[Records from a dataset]

----

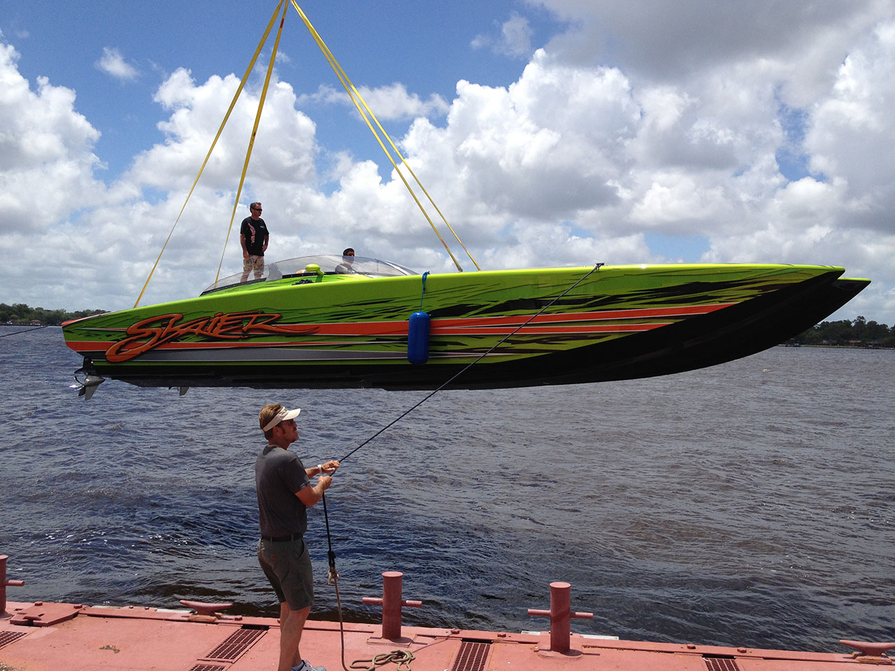 Beyond the 40SS that had just been completely redone, Jeff had just given the green light and commissioned Peter at Skater to build a new state of the art 46′ Skater that would be campaigned to race against the big black corporate giant. Ironically his goal was to develop a host of new safety devices and standards to change the safety aspect of hi performance boating. This boat was to be the safest ever built. Beyond that goal was to even the playing field showing that with the very best the aftermarket had to offer they could be a winner. The new boat would be powered by Smith Power engines, Arneson Industries drives, Hering Propellers, and Hardin Marine accessories. Jeff was a man committed to helping the smaller independent companies wage a competition similar to “David & Goliath”.
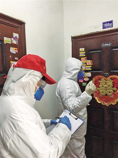 武汉天兴花园社区工作人员正在做排查。本报记者 章正摄
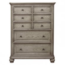 Transitional styling is paired with classic appointments and modern technology to create the Lavonia Collection. The eye-catching dramatic curved queen panel bed creates instant appeal when taking in the design. The framing of the headboard carries over to the design of the footboard. A gray wire-brushed finish over ash veneer furthers the classic look of this bedroom collection.
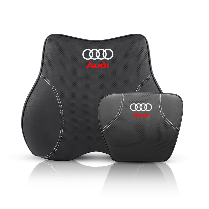 The Audi (Mocarbrown) headrest waist rests on each Audi (mysterious black) holding pillow by an Audi (cozy rice) headrest waist resting on one Audi (cozy rice) headrests One Audi (
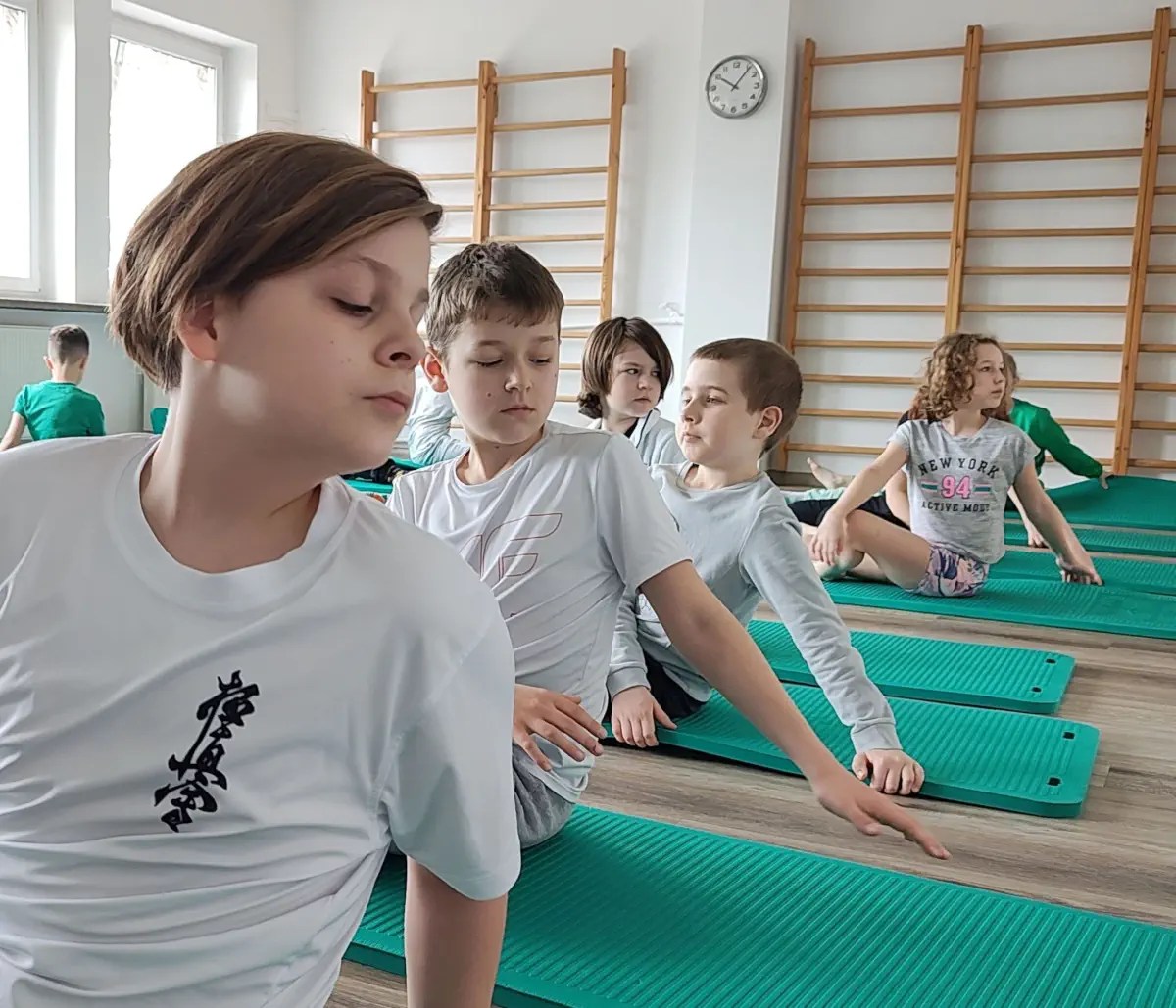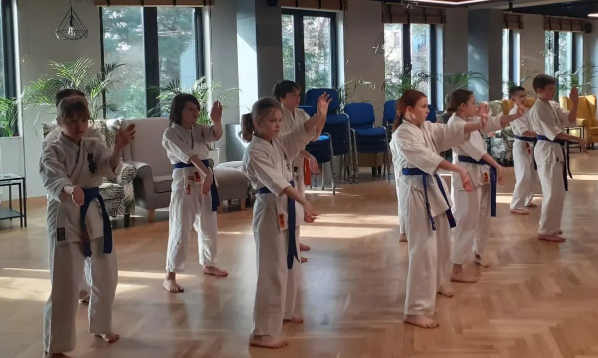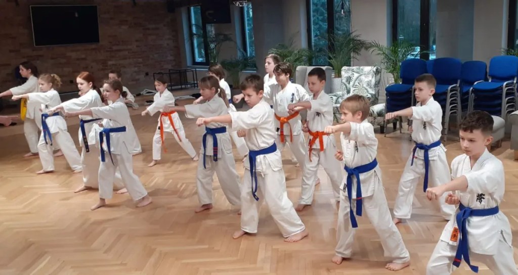 W ramach wieczornych spotkań i obejrzeliśmy film Karate Kid oraz materiały prezentujące kata nie tylko kyokushin karate i kumite – walki turniejowe juniorów. To dodatkowo motywowało wszystkich do ćwiczeń.
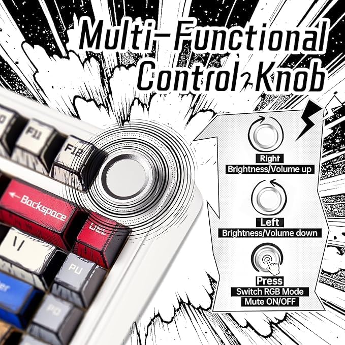 - Double-Shot PBT Manga Keycaps: The F75 takes durability to the next level with its Cherry-profile double-shot PBT manga keycaps, ensuring a perfect blend of robustness and stylish design. These keycaps stand resilient against wear, maintaining a sleek appearance
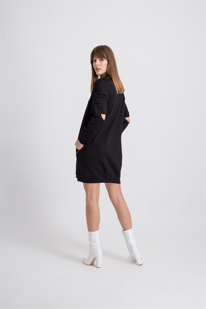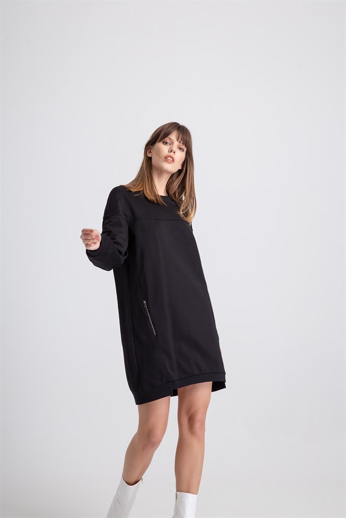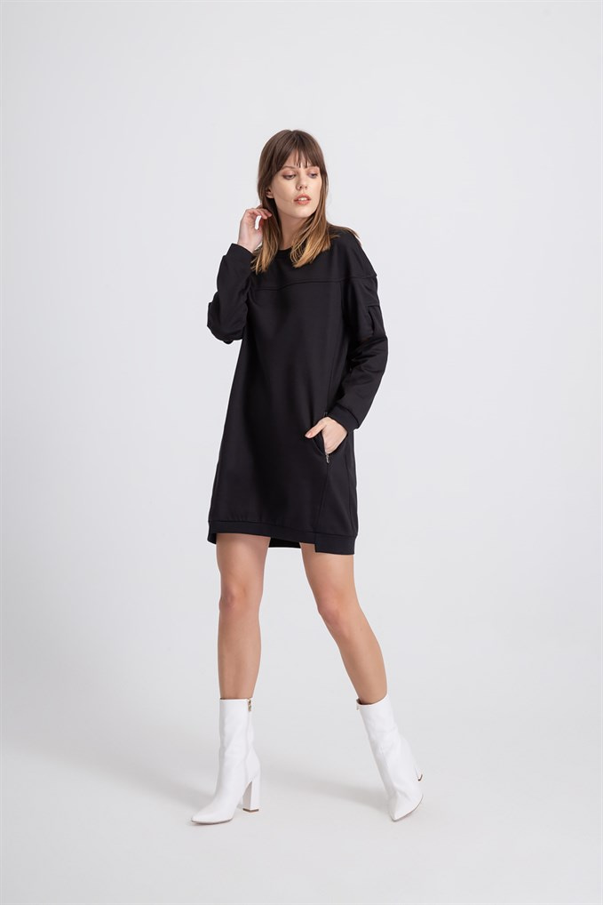 Aller Kol Sweat Elbise Siyah Renk
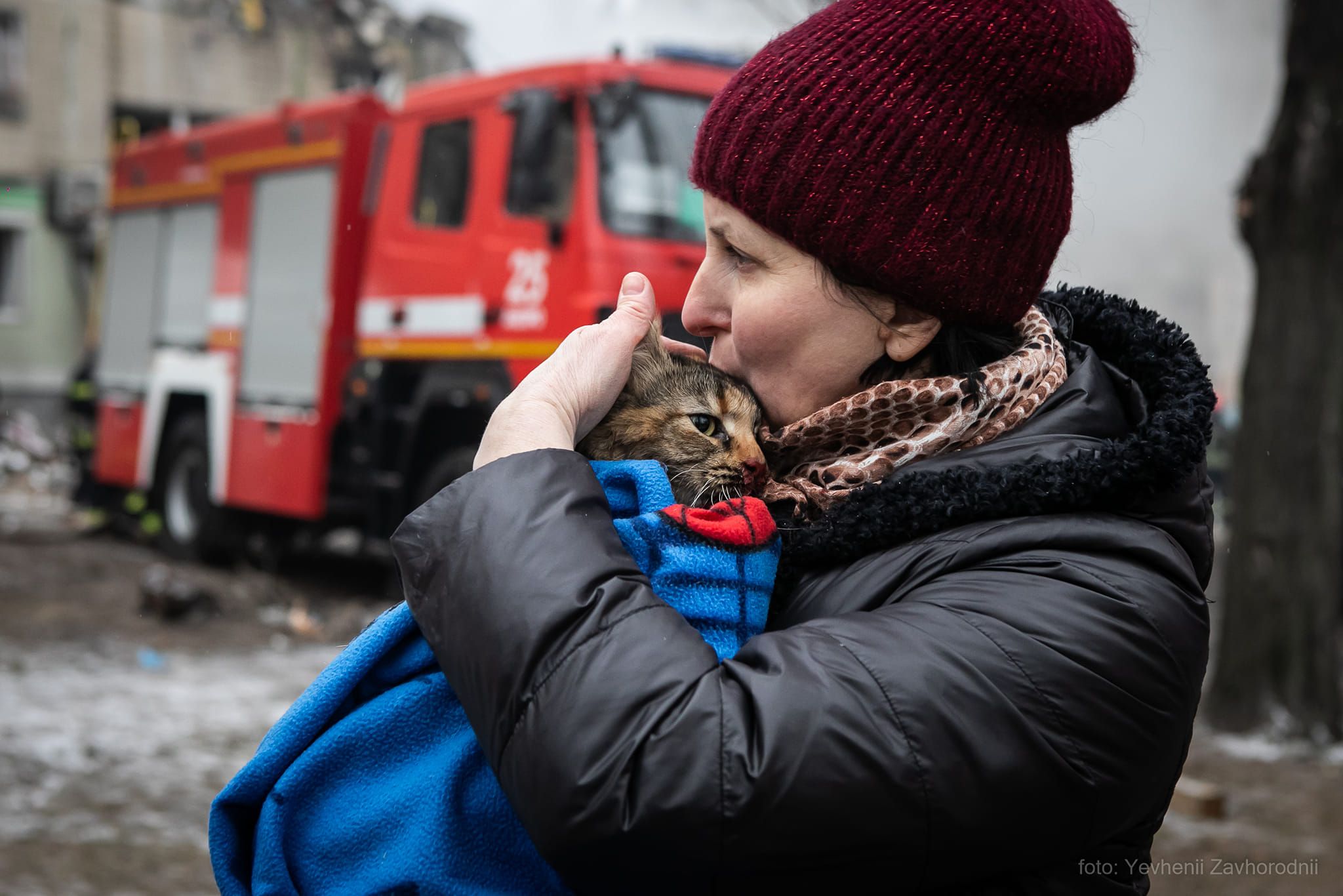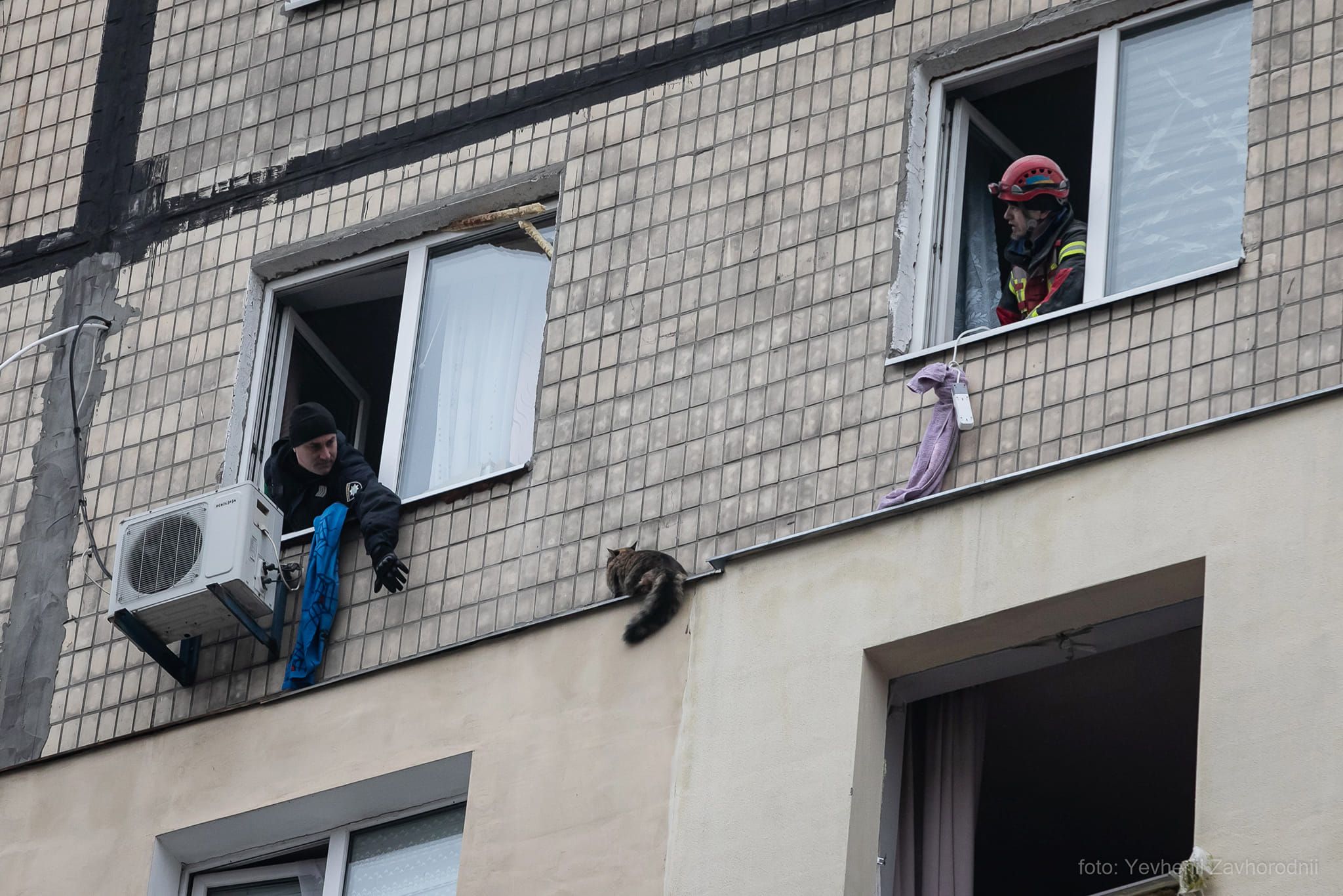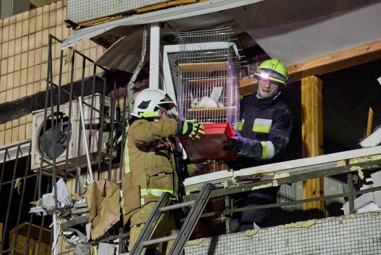 Спасатели вытащили из разрушенного дома в Днепре кота и шиншиллу / Фото "Днепр Оперативный" и Евгения Завгороднего

----

Your task = Retype each entry precisely. Skip images entirely.

Answer to the problem =
 Beyond the 40SS that had just been completely redone, Jeff had just given the green light and commissioned Peter at Skater to build a new state of the art 46′ Skater that would be campaigned to race against the big black corporate giant. Ironically his goal was to develop a host of new safety devices and standards to change the safety aspect of hi performance boating. This boat was to be the safest ever built. Beyond that goal was to even the playing field showing that with the very best the aftermarket had to offer they could be a winner. The new boat would be powered by Smith Power engines, Arneson Industries drives, Hering Propellers, and Hardin Marine accessories. Jeff was a man committed to helping the smaller independent companies wage a competition similar to “David & Goliath”.
 武汉天兴花园社区工作人员正在做排查。本报记者 章正摄
 Transitional styling is paired with classic appointments and modern technology to create the Lavonia Collection. The eye-catching dramatic curved queen panel bed creates instant appeal when taking in the design. The framing of the headboard carries over to the design of the footboard. A gray wire-brushed finish over ash veneer furthers the classic look of this bedroom collection.
 The Audi (Mocarbrown) headrest waist rests on each Audi (mysterious black) holding pillow by an Audi (cozy rice) headrest waist resting on one Audi (cozy rice) headrests One Audi (
 W ramach wieczornych spotkań i obejrzeliśmy film Karate Kid oraz materiały prezentujące kata nie tylko kyokushin karate i kumite – walki turniejowe juniorów. To dodatkowo motywowało wszystkich do ćwiczeń.
 - Double-Shot PBT Manga Keycaps: The F75 takes durability to the next level with its Cherry-profile double-shot PBT manga keycaps, ensuring a perfect blend of robustness and stylish design. These keycaps stand resilient against wear, maintaining a sleek appearance
 Aller Kol Sweat Elbise Siyah Renk
 Спасатели вытащили из разрушенного дома в Днепре кота и шиншиллу / Фото "Днепр Оперативный" и Евгения Завгороднего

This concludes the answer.